I took out my index cards.

“One will be enough.”

“Treat each day as if it’s your last. One day you’ll be right.”

“That’s a joke?”

“Yes.”

“You think it’s funny?”

“No.”

“Next time, first lines,” she said.

Augustine was waiting for me outside of Ann’s office again, but this was a very different Augustine from the one who was there the last time I emerged into sun and heavy, moist air.

“Need a ride?”

“Yes,” I said.

“I put your bike in my trunk. I’ll buy you a new lock.”

“Thanks,” I said.

He walked us slowly to the corner and made a right turn onto Main. He was silent. So was I. I was trying not to think about what Ann and I had talked about, but I was doing a bad job.

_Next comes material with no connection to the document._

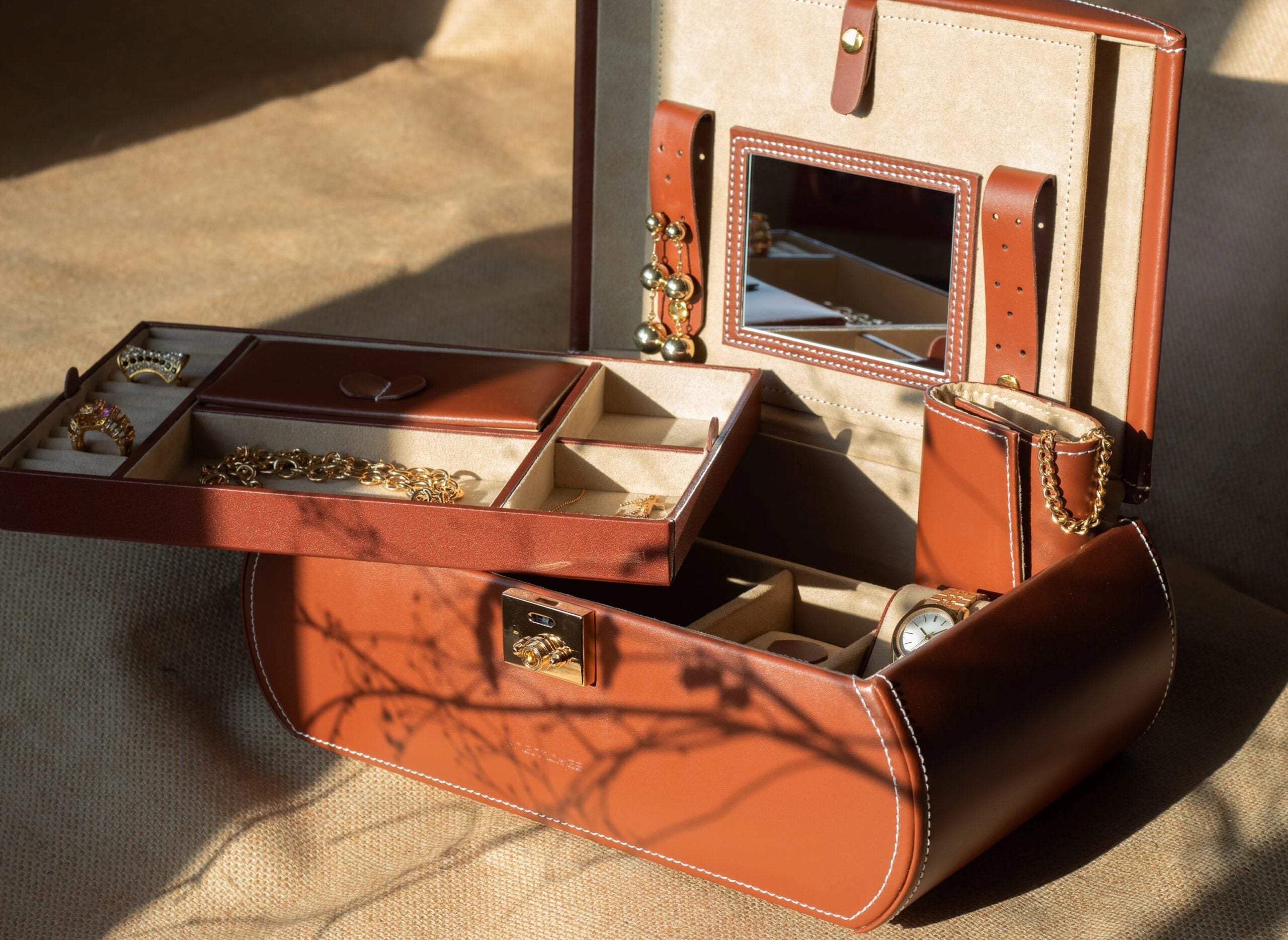 Valitse laadukas Nahkainen Korulaatikko - Ruskea & Beige koruillesi
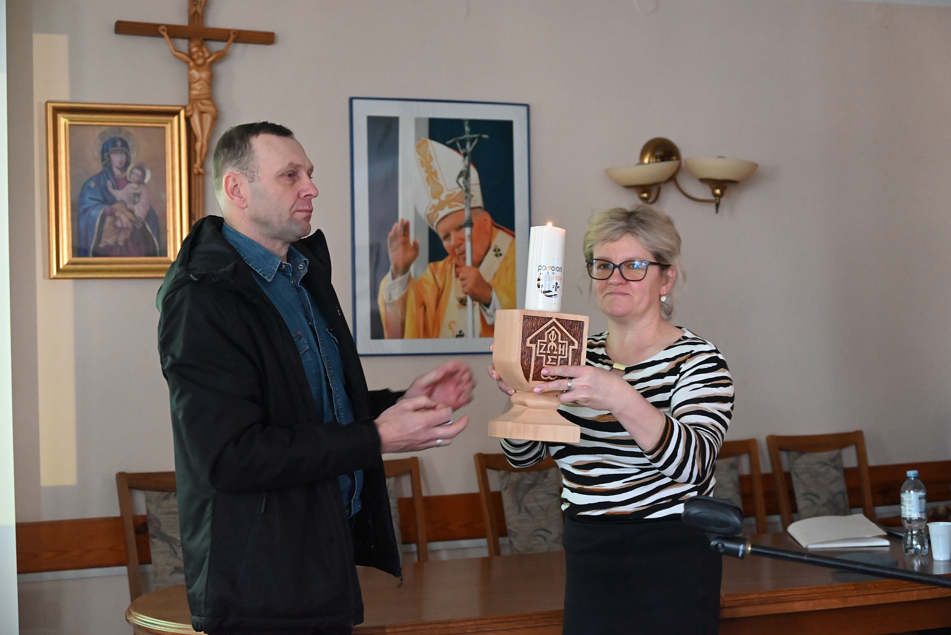 Św. Józef. Jak to on – był obecny na tych rekolekcjach w tle. Miał swoje miejsce na piedestale, ale jakoś on do cokołów w ogóle nie pasuje. Działał w tle, zza kurtyny. Tak myślę, że to właśnie dzięki niemu wszystko się spięło, zagrało – słowem udało wyśmienicie. Uczył dyskretnie, pomagał niewidzialnie. I w tym cały urok tego Świętego. Określa się go patriarchą Nowego Testamentu tak jak Abraham był patriarchą Starego Testamentu. Obaj wystawieni na próbę zaufania. Obaj przeszli ją pomyślnie. Zatem Józef uczy zaufania. Jak dla mnie Św. Józef w moim prywatnym panteonie stoi tuż obok Św. Faustyny. Owo „Jezu ufam Tobie” jest tym co u podstaw, jak fundament łączy te dwie postacie – zaufanie. Może w moim/naszym życiu nie pojawiła się konieczność dokonywania tak dramatycznie jednoznacznych wyborów, ale życie w ogóle składa się z całej serii drobnych wyborów. Ich suma już nie jest banalnym wynikiem. Od nich uzależniony jest kierunek w którym ostatecznie zmierza moje życie. Dla nas osobiście Św. Józef jest przedziwną postacią. Takim opiekunem, którego mocy skuteczności nie sposób przecenić, ale dostrzega się ją dopiero po czasie. On jak się okazuje jest z nami przez całe nasze małżeństwo. Zawarliśmy je przed obliczem Jezusa i to Chrystusa Króla w Sanoku by bezpośrednio po tym fakcie trafić wprost w opiekę Św. Józefa do Niska. To on maczał palce gdy szukaliśmy pracy i ja, i Aneta. On nam znalazł wprawdzie małe, ale własne i przytulne mieszkanko w cenie równej temu co posiadaliśmy choć dookoła wszystko było przynajmniej (na tamte czasy) dwa razy droższe. To on nas oddał na chwilę Św. Janowi Pawłowi II do Stalowej Woli, gdzie ze względu na potrzeby naszego syna posługiwaliśmy jakieś 9 lat. Wreszcie to na obrazku z jego wizerunkiem ks. Robert Zachasz (kapelan szpitala w Nisku) wystawił „potwierdzenie” faktu, że byłem w krytycznym momencie, stojąc na granicy życia i śmierci opatrzony sakramentami. Tyle tak na szybko możemy zobaczyć w tej chwili, a pewnie jest tego znacznie więcej. Od momentu gdy na stałe weszła do naszej rodziny modlitwa rodzinna – modlitwa do Św. Józefa jest odmawiana codziennie. Ja szczególnie wypowiadając jej słowa kładę akcent na te dwie prośby: wprowadź Jezusa do naszego domu oraz pomóż przyjąć go do serca. One też uzmysławiają mi, że Józef jest nie mniej chrystocentryczny niż Maryja. Potem mówimy tak „uproś łaskę miłości, zgody i pokoju” i jakby na to nie patrzeć tak się dzieje w naszym życiu, że te przymioty istnieją, są realne, a odstępstwo od nich jest bólem i nieszczęściem. To wreszcie Józef najlepiej uczy, prawdy obecnej w Ruchu, prawdy sztandarowej, podstawowego charyzmatu: posiadania siebie w dawaniu siebie.

“How is your eye?” I asked.

His hand reached up to be sure the patch was still there.

“Hurts,” he said.

“I’m sorry,” I said, and I was.

“Corkle fired me.”

“What for?”

“Failure to get rid of you.”

We hit the first corner and I was tempted to invite him across the street to News and Books, but I had had enough darkness for one day.

“Get rid of me? He just hired me.”

“He wants to scare you away from the job. He’s nuts. I’m glad I’m no longer in his employ. He gave me a check for five thousand dollars and an instant electric machine that both cores and peels apples, pears, and even peaches and plums.”

“How will you get it on a plane?”

“I don’t know.”

“Why does he want to scare me away?”

“Don’t know. Ask him.”

“And you’re telling me this because…?” I asked.

“I like you,” he said. “And I don’t like loose ends.”

His car, a gray two-door Mazda rental, was parked halfway up the block. Parking space downtown was always at a premium. I didn’t consider telling him he was lucky. He had almost lost an eye. It could have been much worse.

“I think the kid shot at us,” he said when we were driving.

He was one of those people who instantly turns on music when you get into their car. It made intimate conversation difficult. The music was ’40s and ’50s pop. Rosemary Clooney was singing “Come On To My House.” She bounced.

“The kid?”

“Corkle’s grandson, Gregory Legerman.”

“Why?”

“Because Corkle thinks the kid killed Philip Horvecki.”

“And then hired me to find himself?”

“Go figure,” he said, making a turn on Orange and heading south. “We’re talking about crazy people here.”